# Source material:
+ + + +

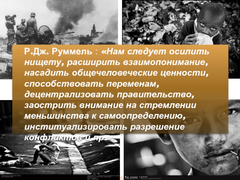 Слайд 75Р.Дж. Руммель : «Нам следует осилить нищету, расширить взаимопонимание, насадить
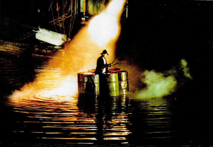Percussionist Z’ev performs in Bow Gamelan Ensemble’s Offshore Rig 1987 staged around Lot’s Ait island, River Thames
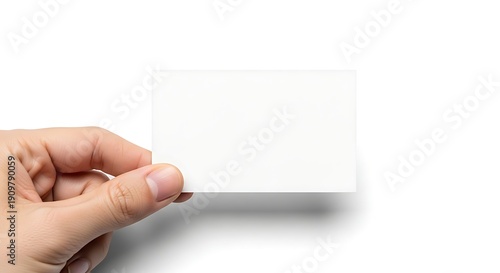 Hand holding blank white business card on white background

+ + + +

# What you are asked to do:
The result should be a word-for-word restatement of all the data, without images.

# Answer box:
 Слайд 75Р.Дж. Руммель : «Нам следует осилить нищету, расширить взаимопонимание, насадить
Percussionist Z’ev performs in Bow Gamelan Ensemble’s Offshore Rig 1987 staged around Lot’s Ait island, River Thames
 Hand holding blank white business card on white background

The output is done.